StatPro is exchanging its existing StatPro Seven compliance module (SPC) licence contracts for a 51% stake in InfoVest Consulting. StatPro Seven is StatPro’s legacy traditional software platform. While most of StatPro Seven’s modules are migrating to the Revolution cloud platform, StatPro had no plans to upgrade SPC functionality to the cloud. Nevertheless, the SPC module has a distinct market niche, and given InfoVest's specialist skillset, it makes sense for StatPro to transfer the development, support and sale of the product to InfoVest. Further, InfoVest will have access to StatPro's global client base to help grow SPC's sales (we understand an ARR of c £500k). Additionally, InfoVest brings to StatPro standardised data solutions that will be particularly useful for the process of streamlining customer data in the implementation of cloud transition contracts.
InfoVest is a South Africa-based software provider, specialising in data warehouse, ETL (Extract, Transform and Load) and reporting software for the asset management industry.
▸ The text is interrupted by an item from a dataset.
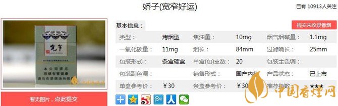 嬌子寬窄好運煙支長:84mm,過濾嘴長:34mm,采用超微植物顆粒復合濾棒,提升煙草焦甜本味,更增獨特復合香韻。下面我們一起來看嬌子寬窄好運的參數信息:焦油量:10mg 煙堿量:1.1mg 一氧化碳量:11mg

InfoVest has partnered with StatPro for more than two years, providing support for all StatPro’s outstanding StatPro Portfolio Control (SPC) contracts. SPC, which is StatPro’s compliance solution, ensures that customer’s portfolios are within predetermined parameters, such as the percentage that can be invested in specified asset classes. These parameters can relate to regulatory or inhouse criteria and the solution is separate to StatPro’s risk solution. While SPC could transition to the cloud, this has not been on StatPro’s R&D roadmap. InfoVest generated revenues of c ZAR18m (c £0.76m) in the year to 28 February 2015, including £0.13m revenue from supporting SPC. The business is profitable, so we would expect it to modestly boost StatPro’s EPS.
StatPro will consolidate the entire revenues of InfoVest, which will mean a small boost to StatPro’s revenue and pre-tax profit lines, with a deduction from earnings through minority interests. Since the acquisition is small, we have not updated our forecasts at this stage, and will review them after the final results on 9 March.
StatPro’s stock trades on c 30x our FY15e EPS, which falls to c 25x in FY16e. Alternatively, the shares trade on c 1.6x FY16e EV/sales, one-third of the level of StatPro’s larger US peers, which typically trade above 4.4x EV/sales, while USbased pure SaaS companies typically trade at in the region of 2.4-4.6x EV/sales.